Spatial Data Handling in Big Data Era

Spatial Data Handling in Big Data Era
Author: Chenghu Zhou,Fenzhen Su,Francis Harvey,Jun Xu
Publsiher: Springer
Total Pages: 237
Release: 2017-05-04
Genre: Science
ISBN: 9789811044243

Download Spatial Data Handling in Big Data Era Book in PDF, Epub and Kindle

This proceedings volume introduces recent work on the storage, retrieval and visualization of spatial Big Data, data-intensive geospatial computing and related data quality issues. Further, it addresses traditional topics such as multi-scale spatial data representations, knowledge discovery, space-time modeling, and geological applications. Spatial analysis and data mining are increasingly facing the challenges of Big Data as more and more types of crowd sourcing spatial data are used in GIScience, such as movement trajectories, cellular phone calls, and social networks. In order to effectively manage these massive data collections, new methods and algorithms are called for. The book highlights state-of-the-art advances in the handling and application of spatial data, especially spatial Big Data, offering a cutting-edge reference guide for graduate students, researchers and practitioners in the field of GIScience.

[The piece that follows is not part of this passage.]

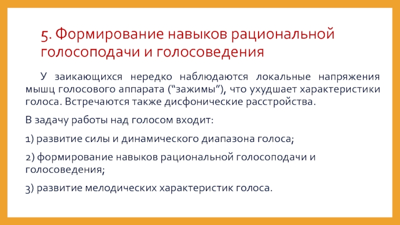 5. Формирование навыков рациональной голосоподачи и голосоведения.

Geospatial Data Science Techniques and Applications

Geospatial Data Science Techniques and Applications
Author: Hassan A. Karimi,Bobak Karimi
Publsiher: CRC Press
Total Pages: 375
Release: 2017-10-24
Genre: Computers
ISBN: 9781351855983

Download Geospatial Data Science Techniques and Applications Book in PDF, Epub and Kindle

Data science has recently gained much attention for a number of reasons, and among them is Big Data. Scientists (from almost all disciplines including physics, chemistry, biology, sociology, among others) and engineers (from all fields including civil, environmental, chemical, mechanical, among others) are faced with challenges posed by data volume, variety, and velocity, or Big Data. This book is designed to highlight the unique characteristics of geospatial data, demonstrate the need to different approaches and techniques for obtaining new knowledge from raw geospatial data, and present select state-of-the-art geospatial data science techniques and how they are applied to various geoscience problems.